BTW, I was mistyped as an ISFP at first, and I thought it was sooooo cool! I got to wear the "they have an infectious charm" label for a good two days! Until my sister told me to take it again because it didn't sound like me at all! How dare she question my charm? 

Then I got INFP, also known as the tortured soul, and she was like, "that's you!" My deepest recesses were written in plain view all over the internet :sad:

So yeah, mistyping can happen. (I took the 3 diff tests trying to replicate the ISFP to no avail.)


----------



## Val37

Sabrah said:


> INFP sister who does not knows little about MBTI: "I do not want to take that math class. That professor is a Muslim."
> Me: "He is from India. It is possible that he is Muslim, but it is more likely that he is a Hindu. Anyway, it should not matter. He is teaching math, not his religion. I do not know why you are so bigoted."
> INFP: "No. You just don't get it because you are a sensor."
> Me: ......
> INFPs: "Sensors just do not realize anything."
> 
> An actual conversation I've had.


Wow, I'm speechless, yet chuckling. I'm with nix1, that's just rude...and baffling.


----------



## General Lee Awesome

i wonder how weird the bias is =o


----------



## OutOfThisWorld

Probably because Sensors have a tendency to hide their depth quite well or is unwilling/hesitant to disclose their inner world, especially the Si-dom users. What people are left with is the shallow, outer masks used to protect the squishy inner workings of a Sensor.


----------



## Zamyatin

Partly because the terms intuition and sensing are stupid, a relic of Jung that should have been decommissioned a long time ago. Being relatively undefined terms, they force anybody who is getting into typology to look to others in the community to define those terms, and that's why the whole conservative Si/irresponsible Se thing survives.

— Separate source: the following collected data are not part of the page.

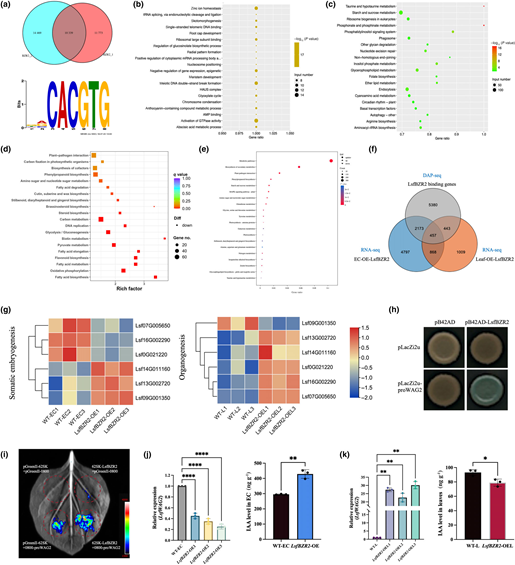 為了鑒定LsfBZR2調控的下游基因,作者采用DNA親和純化測序(DAP-seq)技術來識別該轉錄因子結合的基因組DNA元件。結果顯示LsfBZR2在36,582個基因組位點高度富集,涵蓋8,454個基因。其中12.2%位于啟動子區域,核心結合基序為‘CACGTG’。GO富集結果表明,與LsfBZR2蛋白結合位點相關的基因主要富集在鋅離子穩態維持、分生組織發育、表觀遺傳學、減數分裂、乙醛酸循環和脫落酸代謝途徑。與RNA-seq數據聯合分析篩選出457個受LsfBZR2調控的差異基因,其中生長素外排載體基因LsfWAG2(Lsf07G005650)被確認為直接靶基因。qRT-PCR與LC-MS/MS結果顯示,在SE途徑中,LsfBZR2過表達抑制LsfWAG2表達,導致IAA積累,促進愈傷增殖;在器官發生途徑中,LsfBZR2激活LsfWAG2表達,加速生長素外排使IAA水平降低,從而促進芽原基形成。酵母單雜交(Y1H)與雙熒光素酶報告實驗(DLR)證實,LsfBZR2直接結合啟動子區并調控其轉錄活性。
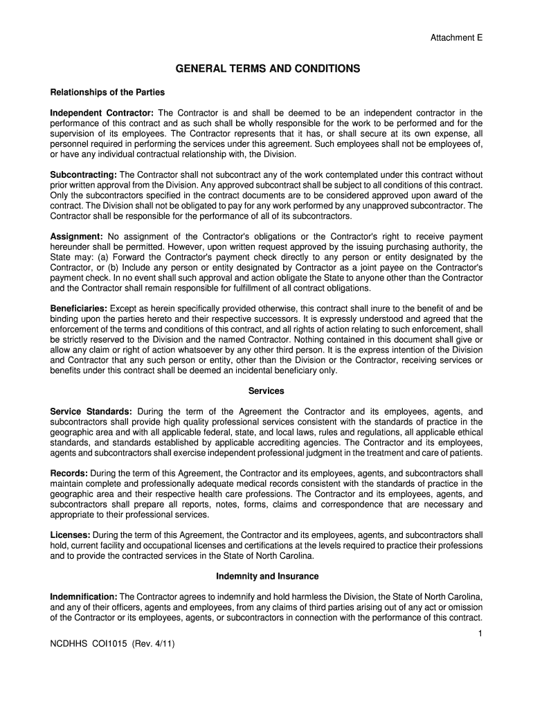Attachment GENERAL TERMS AND CONDITIONS
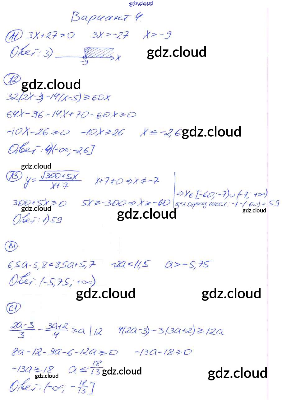 Ответ на задание 4 Самостоятельные и контрольные работы Алгебра за 8 (восьмой) класс Глазков, Гаиашвили УМК 2012
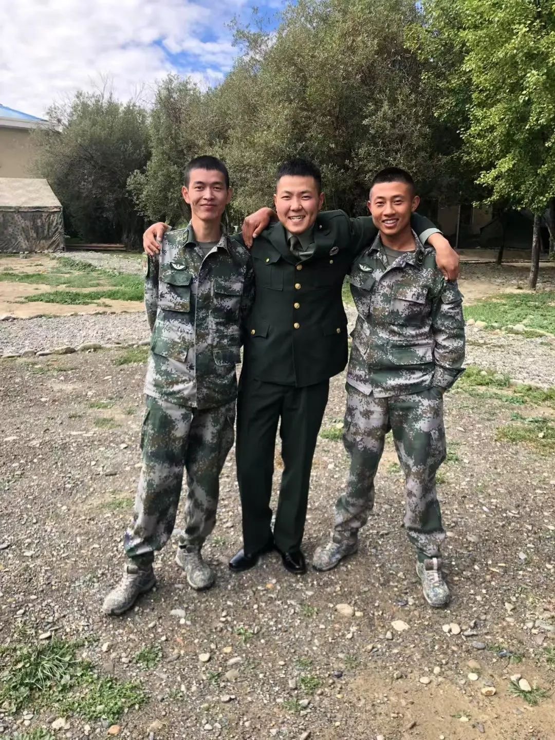 胥飞(中)与战友在一起。受访者供图

Replace them with "concrete" and "abstract", and introduce them to a new crowd, and you'd see the bias die down pretty quickly, as the existing biases would die with this typology community, and the new terms would need minimal definition preventing new biases from arising.


----------



## Dastan

The word sensor is taken too literally. Especially when talking about functions, not only preferences, some people tend to think that types really lack their lower functions and only consist of their first two functions and nothing else.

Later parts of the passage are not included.